Distributed Storage#
Types of Cloud Storage#
Modern computing infrastructures, like clouds (e.g. OpenStack) or HPC clusters running Slurm, rely on a sophisticated configuration of resources. Most prominently, powerful CPUs and GPUs providing exaflops of performance1https://en.wikipedia.org/wiki/TOP500 and high-speed networks acting as the nervous system. Less visible, but equally important is the robust strategy to store and access data.
In distributed systems, storage is often present in multiple distinct tiers, and understanding the differences between them is not just an architectural detail but a crucial competency.
Choosing the wrong storage type can not just mean slow job; it can starve GPUs, waste expensive compute credits, and even severely affect the performance of an entire cluster.
Selecting an inappropriate storage type can create significant performance bottlenecks, waste computational resources, and lead to the “Noisy Neighbor” effect, where inefficient I/O operations (such as unzipping millions of small files on a parallel filesystem designed for streaming) degrade performance for all users on the cluster.
To make good use of such infrastructures and help to maintain system stability, four primary storage architectures should be understood:
(The Virtual USB Drive)
(The Infinite Bucket)
(The Cloud NAS)
(The Scratchpad)
Block Storage#
Virtual USB Drive
Think of Block Storage as a raw, unformatted USB drive that is plugged permanently into a single specific computer.
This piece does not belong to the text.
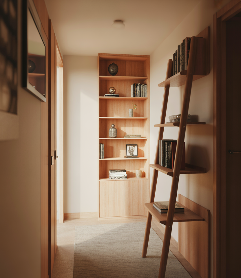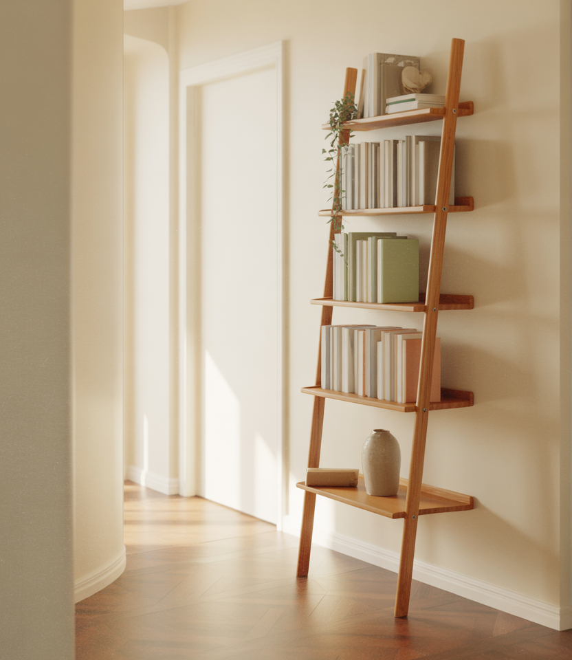 Ladder shelves remain popular in 2026 for their light footprint and visual lift. In narrow rooms or hallways, a long, leaning profile offers storage without closing in the space. These shelves work especially well when styled sparsely, letting the wall show through and keeping the look airy.

At the most fundamental level, every virtual machine or compute node needs a “local disk” to boot the operating system and run applications. This is Block Storage.
In a cloud environment like OpenStack, systems like Cinder (often relying on Ceph RBD) carve out these virtual drives from a massive pool of disks. The defining characteristic of Block Storage is exclusivity: a block volume is typically attached to only one node at a time. This exclusivity allows for fast and low-latency access, making it the perfect home for your Operating System, your local software libraries (like Conda environments), and high-performance databases (like PostgreSQL) that require transactional integrity.
Architecture#
Block Storage is handled by a storage cluster, connecting multiple storage devices (computer) together as a single unit. A common, open-source software that can create a storage cluster on top of connected computers is Ceph. In Block Storage, Ceph splits up a block into fixed-size junks (e.g., 4MB) that are then distributed in a redundant manner (usually 3 copies of each block) across the physical disks in the storage cluster.
Usage#
In a OpenStack cloud, Block Storage is managed by an application called Cinder. When a volume is requested, Cinder talks to the backend (like Ceph) to reserve the blocks and attaches them to to the target VM via iSCSI or KVM virtio.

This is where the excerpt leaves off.